DATA FOR PROCESSING START

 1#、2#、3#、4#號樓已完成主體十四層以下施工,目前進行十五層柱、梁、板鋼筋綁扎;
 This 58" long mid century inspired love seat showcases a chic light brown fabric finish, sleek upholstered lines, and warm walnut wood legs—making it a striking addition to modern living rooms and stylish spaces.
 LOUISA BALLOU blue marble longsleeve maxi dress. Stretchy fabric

DATA FOR PROCESSING END
DATA FOR PROCESSING START

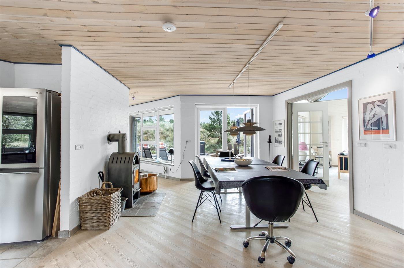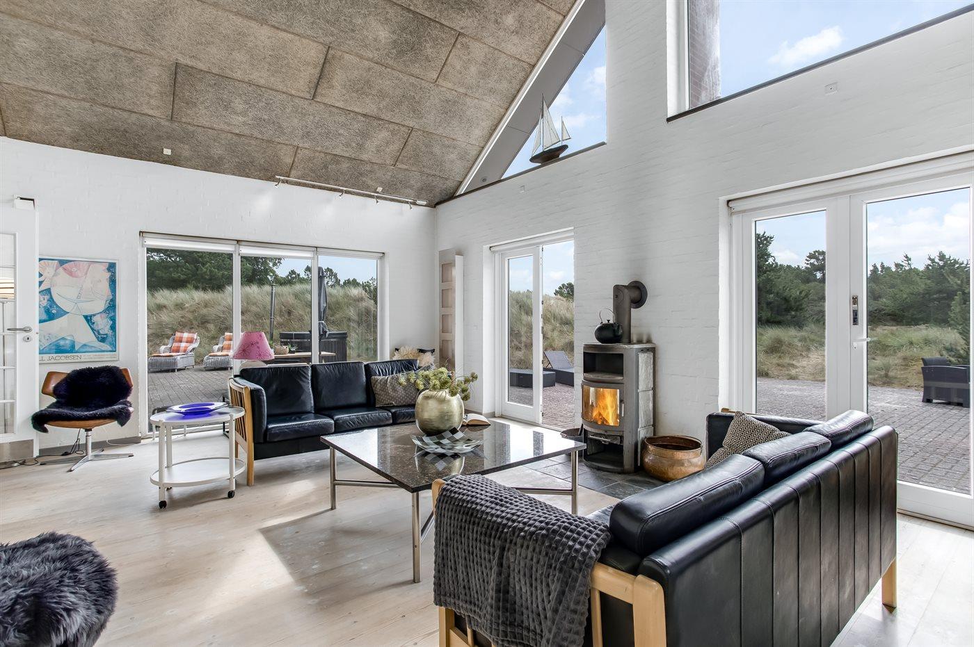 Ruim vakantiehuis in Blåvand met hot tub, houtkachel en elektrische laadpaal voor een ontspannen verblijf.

DATA FOR PROCESSING END

**ASSIGNMENT:**
In the listing above, locate the line containing "1#、2#、3#、4#號樓已" and the line containing "LOUISA BALLOU blue". Transcribe those two lines and everything between them, exactly as written.

**RESPONSE FOR THIS EXERCISE:**
 1#、2#、3#、4#號樓已完成主體十四層以下施工,目前進行十五層柱、梁、板鋼筋綁扎;
 This 58" long mid century inspired love seat showcases a chic light brown fabric finish, sleek upholstered lines, and warm walnut wood legs—making it a striking addition to modern living rooms and stylish spaces.
 LOUISA BALLOU blue marble longsleeve maxi dress. Stretchy fabric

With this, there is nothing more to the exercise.